La scelta dei brani, poi, riserva qualche sorpresa, a partire dall voglia di mettere in luce qualche (insospettabile?) influenza british, come Start Again dei Teenage Fanclub, Oh La La dei Faces e (addirittura) Coming Around dei Travis (nessuno se la ricorda, ma è stato l’ultimo singolo da The Man Who, pubblicato nel 2000, e per averne traccia bisogna andare su Singles – a proposito, ma loro che fine hanno fatto?), Meet On The Ledge dei Fairport Convention.
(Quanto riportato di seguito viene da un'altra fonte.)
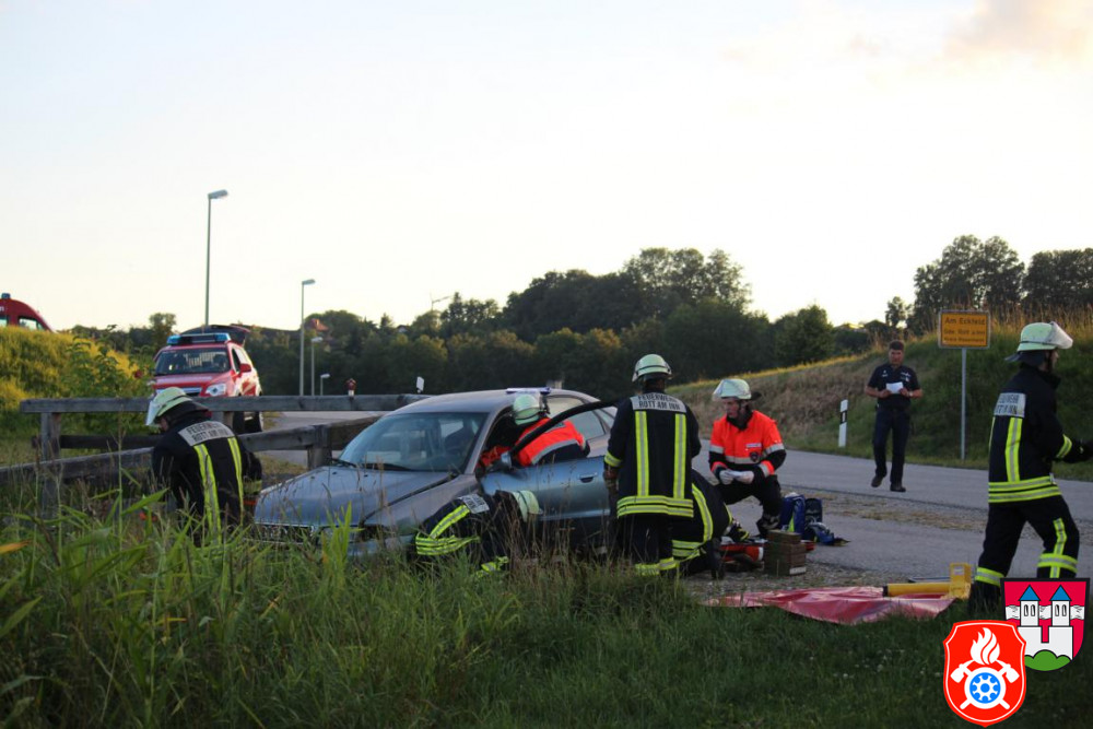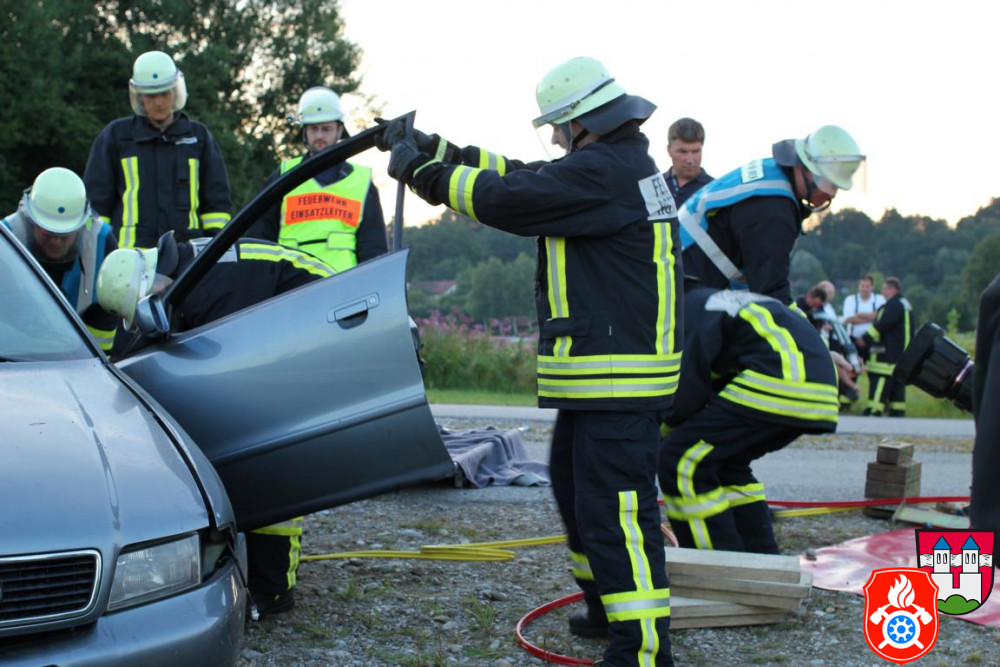 Einsatzmeldung zu einer Alarmübung der Feuerwehr und First Responder Rott a. Inn am Dienstag, den 30.07.2013. Pünktlich um 20.00 Uhr wurde zur Übung alarmiert. Insgesamt 4 Fahrzeuge rückten zur Unglücksstelle auf der Verbindungsstraße der Staatsstraße 2079 zum Gewerbegebiet „Am Eckfeld“ aus.

Ma i Counting Crows sono molto più a loro agio quando rivisitano paio di classiconi (The Return Of The Grevious Angel e You Ain’t Going Nowhere, a firma, rispettivamente di Gram Parsons e Bob Dyan) e soprattutto portano alla luce qualche gemma (country) rock che raramente è arrivata da questa sponda dell’Atlantico.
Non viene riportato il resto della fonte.